Анаксо выбирает алый. Демонасса открывает белый сосуд и, не дрогнув, переливает половину его содержимого в алый. Комнату наполняет терпкий, жгучий, тяжёлый, сложный древесный мужской аромат.
– Ах, как вы постарались, Анаксо! – восторженно поднимает к потолку глаза Демонасса. – Такой запах запоминается надолго. Он как одежда, как описание души. Вы такая искусная, такая исключительная. Царице понравится ваша работа.
Меж тем алый алабастрон плотно закупоривается. Анаксо грустно улыбается помощнице. Открывается набор чернил, на узкой полоске египетского папируса выводится «Арес».
– Позвольте, Анаксо, но ведь на алабастроне нет вашего клейма. – В правой руке Демонассы появляется небольшой деревянный штамп. – Пусть помнят, кто мастер-составитель.
– Нет, не будем проставлять, – печально произносит парфюмер.
– Вы думаете, Анаксо, им не понравятся духи? – Вновь на глазах помощницы появляются слёзы.
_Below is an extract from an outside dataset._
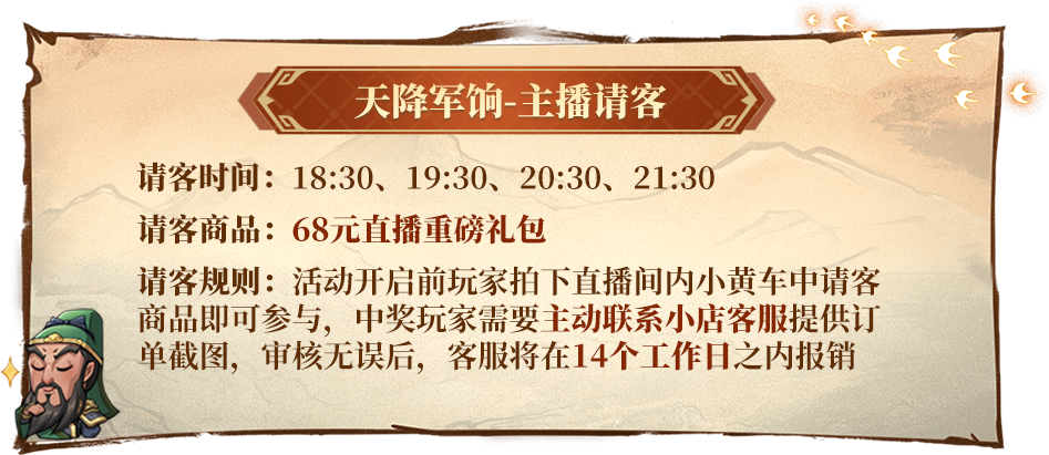 活动规则:下单指定商品,主播将在直播间半点抽取一位玩家作为锦鲤,直接请客免单!订单越多抽中的几率越大哦!
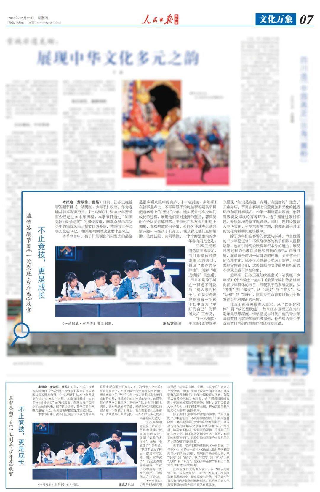 《东谈主民日报国外版》2025年12月25日第07版刊发著作《不啻竞技,更是成长》,详情节目兼具念念想深度、厚谊温度与期间广度,成心于激勉青少年对学问的兴趣兴趣。

– Знак был свыше. Не заплатят. Оскорблений несчётно на спину повесят. Духи выкинут на свалку в тот же вечер. Про меня позабудут. Жалко стараний. Сколько затрат! Столько трудов! Сколько волнений! И всё понапрасну пропало! Печально-то как! Заказы лучших клиентов отложила надолго. Обидела людей. Извиняться теперь предстоит. Терпеть укоры. Эх, глупые мечты прославиться меня разорят. Наш домашний болтун так и вовсе предлагал подменить царский аромат на совсем простой.
– Да с нашего болтуна станет и не такое. Его язык длиннее вожжей. – Демонасса вытирает слёзы. Её лицо принимает разочарованное выражение. Помощница выставляет на стол пиксиду размером меньше, цветом белую, без украшений, вдвое меньше прежней ярко-синей. Алый алабастрон вкладывается в белую пиксиду. На том приготовления заканчиваются. Раздаётся двойной печальный вздох хозяйки и рабыни.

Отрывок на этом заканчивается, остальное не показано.